The call follows draft online safety guidance for video sharing platforms, published earlier this month by Ireland’s media commission (Coimisiún na Meán) — which will be responsible for DSA oversight locally once the regulation becomes enforceable on in-scope services next February. Coimisiún na Meán is currently consulting on guidance which proposes video sharing platforms should take “measures to ensure that recommender algorithms based on profiling are turned off by default”.
Publication of the guidance followed an episode of violent civic unrest in Dublin which the country’s police authority suggested had been whipped up by misinformation spread on social media and messaging apps by far right “hooligans”. And, earlier this week, the Irish Council for Civil Liberties (ICCL) — which has long campaigned on digital rights issues — also called on the Commission to support the Coimisiún na Meán’s proposal, as well as publishing its own report advocating for personalized feeds to be off by default as it argues social media algorithms are tearing societies apart.
In their letter, the MEPs also seize on the Irish media regulator’s proposal — suggesting it would “effectively” address issues related to recommender systems having a tendency to promote “emotive and extreme content” which they similarly argue can damage civic cohesion.
The letter also references a recently adopted report by the European Parliament on addictive design of online services and consumer protection which they say “highlighted the detrimental impact of recommender systems on online services that engage in profiling individuals, especially minors, with the intention of keeping users on the platform as long as possible, thus manipulating them through the artificial amplification of hate, suicide, self-harm, and disinformation”.

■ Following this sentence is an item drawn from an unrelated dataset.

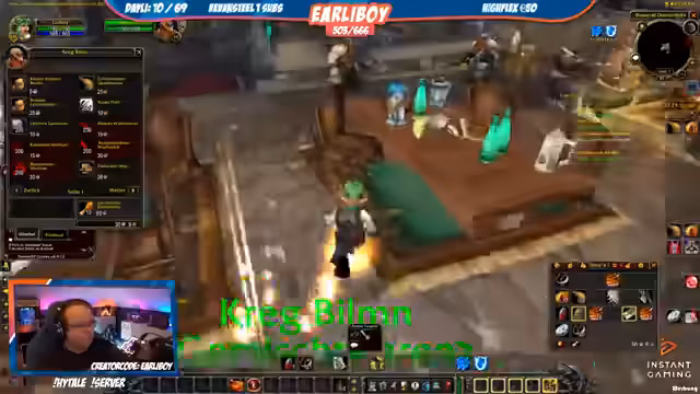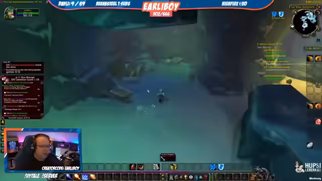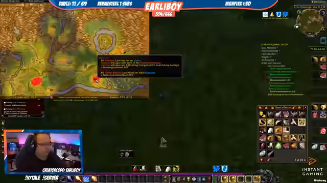 07:33:06Der Streamer questet in World of Warcraft, gelegentlich mit einem Eulen- und Papageien-Pet. Er kämpft gegen verschiedene Gegner, sammelt Questgegenstände wie Feuersteine und Krokodil-Schuppen und erledigt Missionen in Gebieten wie den Dunkelküsten und Brachland. Während des Streams treten immer wieder technische Probleme auf, die den Spielverlauf stören, wie zum Beispiel ein Ausfall von Twitch, das keine neuen Streams mehr öffnen lässt. Das Inventar wird schnell voll und die Suche nach bestimmten Questgegenst gestaltet sich als nervig.

“We call upon the European Commission to follow Ireland’s lead and take decisive action by not only approving this measure under the TRIS [Technical Regulations Information System] procedure but also by recommending this measure as an mitigation measure to be taken by Very Large Online Platforms [VLOPs] as per article 35(1)(c) of the Digital Services Act to ensure citizens have meaningful control over their data and online environment,” the MEPs write, adding: “The protection of our citizens, especially the younger generation, is of utmost importance, and we believe that the European Commission has a crucial role to play in ensuring a safe digital environment for all. We look forward to your swift and decisive action on this matter.”
Under TRIS, EU Member States are required to notify the Commission of draft technical regulations before they are adopted as national law in order that the EU can carry out a legal review to ensure the proposals are consistent with the bloc’s rules — in this case the DSA.
The system means national laws that seek to ‘gold-plate’ EU regulations are likely to fail the review. So the Irish media commission’s proposal for video platforms’ recommender systems to be off by default may not survive the TRIS process, given it appears to go further than the letter of the relevant law.
That said, even if the Coimisiún na Meán’s proposal doesn’t pass the EU’s legal consistency review, the DSA does put a requirement on larger platforms (aka VLOPS) to assess and mitigate risks arising out of recommender systems. So it’s at least possible platforms could decide to switch these systems off by default themselves as a compliance measure to meet their DSA systemic risk mitigation obligations.
Although none have yet gone that far — and, clearly, it’s not a step any of these ad-funded, engagement-driven platforms would choose as a commercial default.
The Commission declined public comment on the MEPs’ letter (or the ICCL’s report) when we asked. Instead a spokesperson pointed to what they described as “clear” obligations on VLOPs’ recommender systems set out in Article 38 of the DSA — which requires platforms provide at least one option for each of these systems which is not based on profiling. But we were able to discuss the profiling feed debate with an EU official who was speaking on background in order to talk more freely.
They agreed platforms could choose to turn profiling-based recommender systems off by default as part of their DSA systemic risk mitigation compliance but confirmed none have gone that far off their own bat as yet.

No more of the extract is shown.